Headshot damage bonus. (Fallout 4)
So I could not google a specific answer to the question: what bonus to damage goes with a headshot? The "best" answer I could find sounds like "the damage is definitely higher!" )Can anyone know the specific percentage?
choa has
no answer because this is not a battlefield where you can take out with one shot, plus the difficulty of the game and the level of enemies also affects
Boss_Timurchik the
difficulty of the game and the level of enemies affects the final damage. The base is still calculated in a fixed way.
Start a new game. Find a human enemy. Come at close range. Turn on the watts. See how much damage a shot to each part of the body will do. For example, robots need to shoot at the limbs, damage x2 at the legs, in comparison with the head. If so, measure with a ruler how much damage to the body and how much damage to the head.
George Dark
Identity sometimes occurs, although in theory there should be no floating damage in Folach. I can say for sure that the headshot can depend on some opponents. For example, robots (as already said above) generally care about headshots, and the bogger sometimes shoots one-shot from a headshot right away, while shooting at his shell hardly takes anything away.
I'm more interested in how things are with the Humans. Raiders there, ghouls, that's all)
I think there is no headshot bonus, but just the protection is different in different parts of the body, so the damage done is different.
choa wrote:
and the bogger sometimes shoots a one-shot from a shot to the head.
There is not necessarily in the "head" - the main thing is not in the shell, the "belly" will do the same. And the carapace - yes, it gives better protection to the SB.
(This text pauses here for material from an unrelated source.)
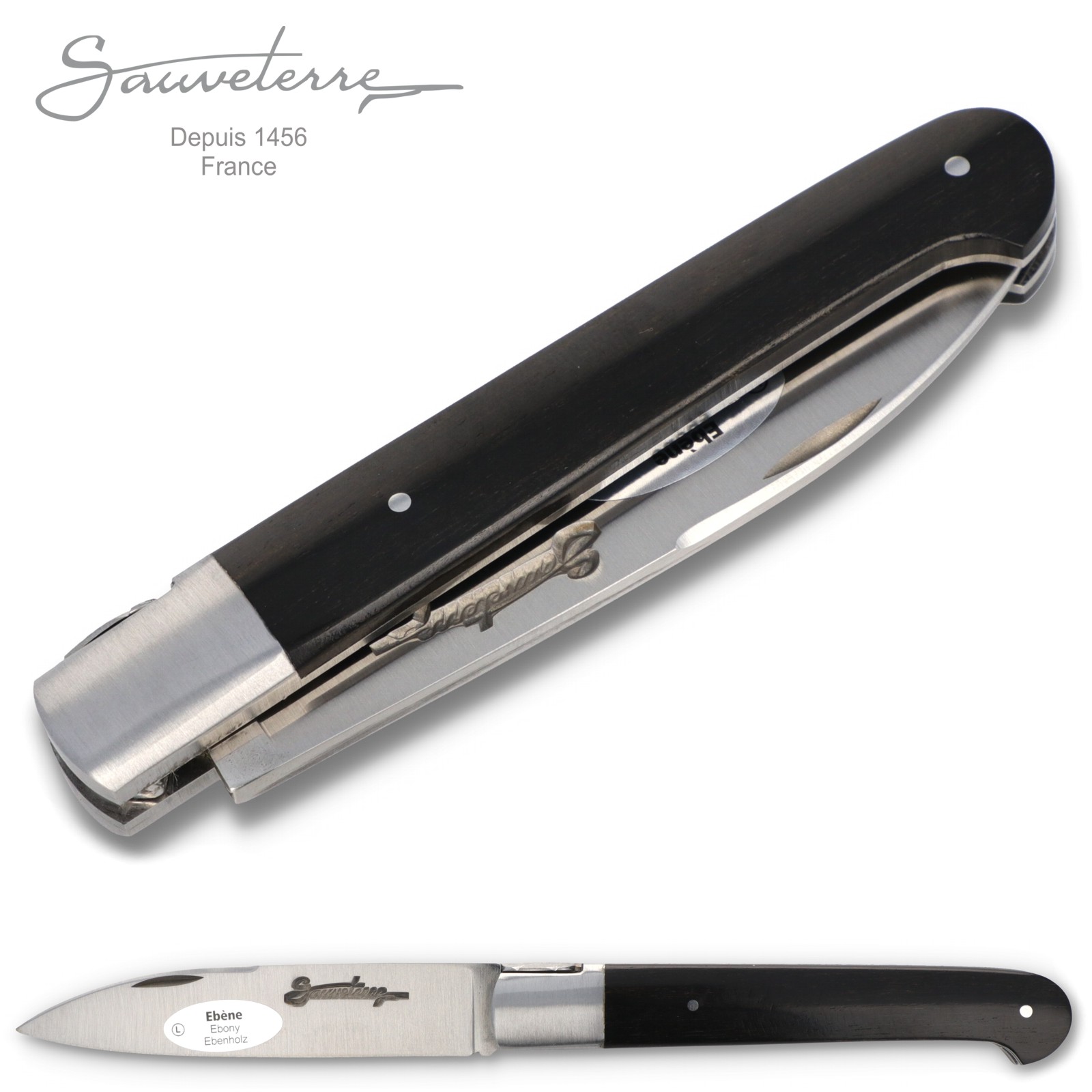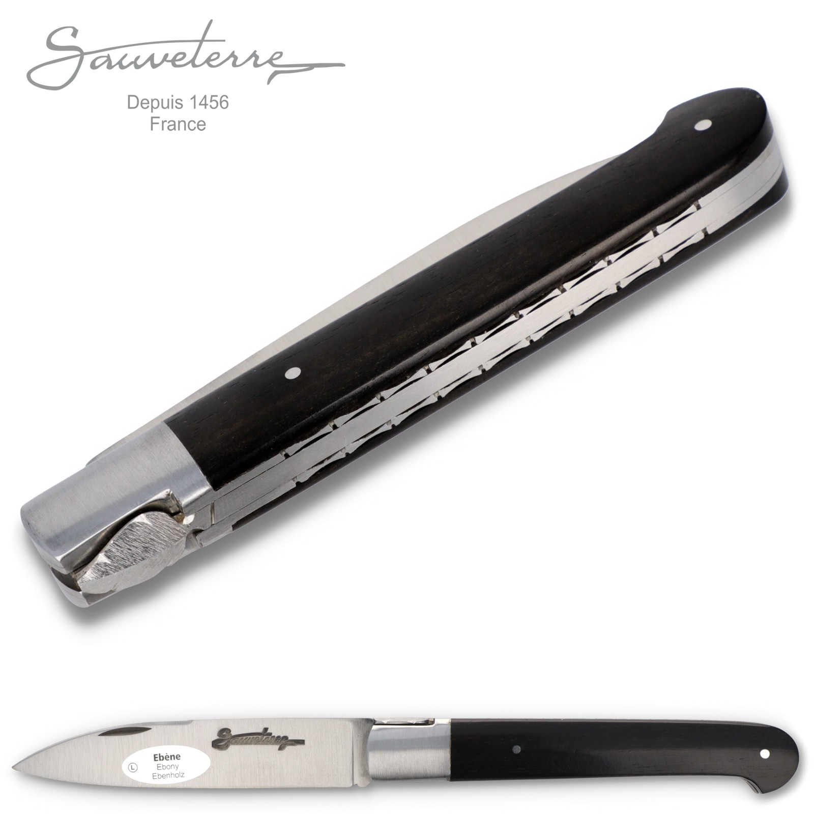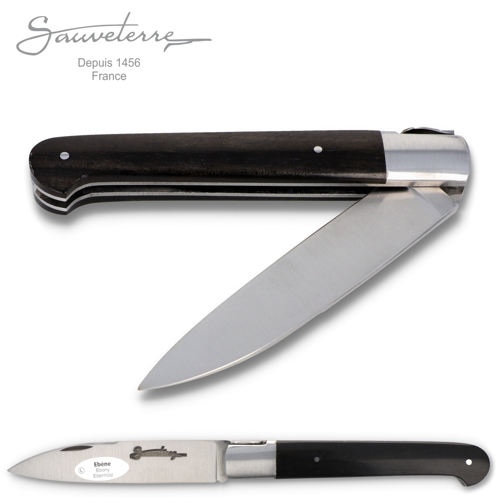 Die Griffschalen dieses Modells bestehen aus schwarzem Ebenholz. Zur Klinge hin ist der 11 cm lange Griff von massiven, satinierten Edelstahlbacken eingefasst.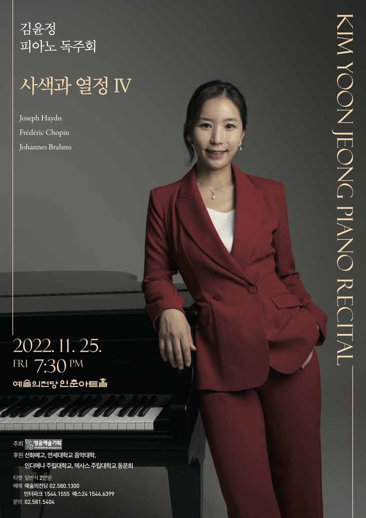 ▲ 김윤정 피아노 독주회 = 피아니스트 김윤정이 오는 25일 예술의전당 인춘아트홀에서 '사색과 열정 IV'라는 제목의 독주회를 연다.

In general, IMHO - in terms of net damage (that is, how much HP is removed) - no difference. BUT - "collateral" damage is triggered, ie: you shoot in the hand - the enemy can drop the barrel, in the leg - "limp" and slow down, and the head - "stun" (short-term) and, it seems, a decrease in accuracy (to death / treatment). The impression of more damage to the head arose, most likely, precisely because such a "damaged head" enemy is much less dangerous and easier to finish off.
Zefos wrote: it's just that the protection is different in different parts of the body, that's the different damage done.
In general, most likely. But again - "there is an opinion" (see http://fallout.wikia.com/wiki/Damage_Resistance) that "regardless of where you hit an enemy / are hit by an enemy, the total damage resistance of all currently equipped pieces of armor is used for the formula "(ie - the formulas use the total armor resistance, without distribution" by points "). How true is this - hz.